I feel it’s artificially complicated and not on point.
I have this concrete problem and I’d like to solve it and by solving it I’m learning how to use dgraph.
Those abstract movies and schemas or are they called mutations. I don’t know.
It’s all too much.

Ok let’s do something like this:

type Forum struct {
id string
name string
description string
threads Thread
}

type Thread struct {
id string
forum_id string
author_id string //is an openid-connect id of a subject
title string
preview string
posts Post
}

type Post struct {
id string
thread_id string
author_id string
parent_post_id string
title string
body string
}

how do I …

  • create the schema?
  • create a forum in Go
  • query for a forum in Go
  • update a forum in Go
  • delete a forum in Go

Let’s start with “create the schema”.
And, how do I isolate… is 1 dgraph database supposed to be for 1 project only?
I don’t understand the terminology.
Why mutation? Why not table or collection? This isn’t biology.


(Pawan Rawal) #2

Hey @dalu

We do have some examples here but with this new release that we are doing today it should be even easier to add data to the graph (which we do through something called mutations).
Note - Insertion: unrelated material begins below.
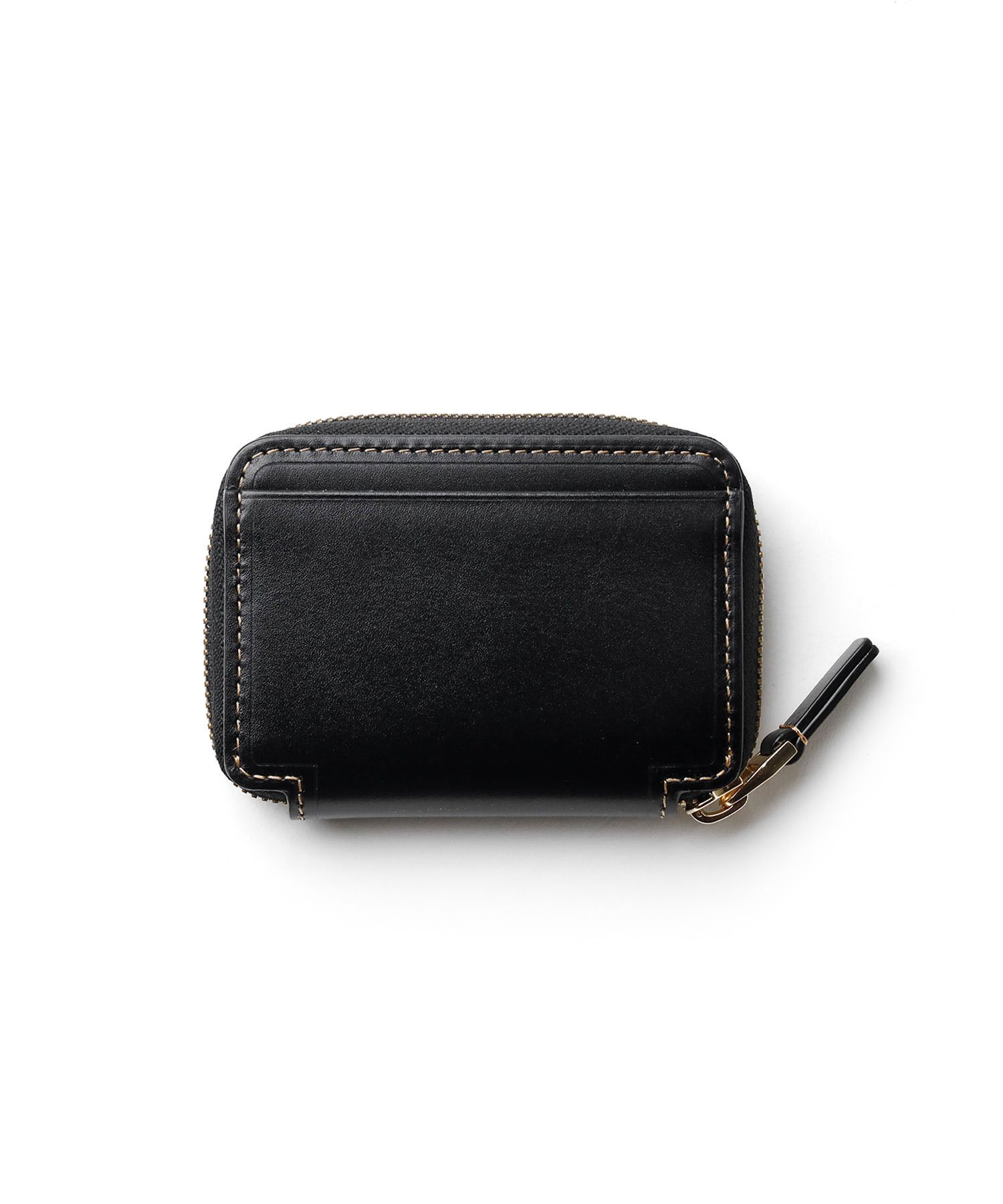 本体には、ヘビタンでじっくりと鞣された密度の高いスムースレザーを使用。タンナー独自の特殊な製法により、顔料のような人工的な光沢ではなく、自然で上質な艶感を実現しています。断面に繊細な傾斜をつけた極小サイズのゴールドブローチは、控えめながらも存在感のある輝きを放ち、太番手のステッチが全体を美しく引き締めます。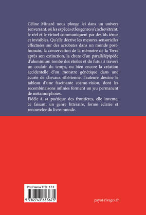 Céline Minard nous plonge dans un univers renversant, où les espèces et les genres s'enchevêtrent, le réel et le virtuel communiquent par des fils ténus et invisibles. Qu'elle décrive les mesures sensorielles effectuées sur des acrobates dans un monde post-humain, la conservation de la mémoire de la Terre après son extinction, la chute d'un parallélépipède d'aluminium tombé des étoiles et du futur à travers un couloir du temps, ou bien encore la création accidentelle d'un monstre génétique dans une écurie de chevaux sibérienne, l'auteure dessine le tableau d'une fascinante cosmo-vision, dont les recombinaisons infinies forment un jeu permanent de métamorphoses. Fidèle à sa poétique des frontières, elle invente, ce faisant, un genre littéraire, forme éclatée et renouvelée du livre-monde.

With the SetObject it should be very easy to add/update data. Once I am done with the release, I can write an example to do the CRUD that you are talking about and it can be part of our docs.

No, mutations here is like your INSERT/UPDATE statement in a SQL database. Basically, anything that modifies the data.

Unlike a SQL database, you don’t need to have a fixed schema. You can just add your data and modify the schema on the fly if you need to.

Typically yes unless you namespace the predicates by the project name or some id.

We don’t have table or collections. Graph databases have nodes and edges. You could read https://docs.dgraph.io/guides/#what-is-a-graph and see if this brings a better understanding.


(Pawan Rawal) #3

Hey @dalu

I wrote a small program for doing CRUD for the forum.

Let me know how this looks. This would work with the latest version of Dgraph (v0.8.3)
As you can see I didn’t set any schema explicitly. You can update the schema later if your queries need them. Hope this clarifies a few things.


(Dalu) #4

Hello @pawan,

sorry for the late reply. I skimmed it yesterday but couldn’t post because different system without credentials.

first of all, thank you so much, that’s a great starting point.
I will probably have questions.

For instance:

  • do I have to use int64 for the identifier?
  • do I have to create the whole structure forum, thread, post in order to be able to manipulate a let’s say post?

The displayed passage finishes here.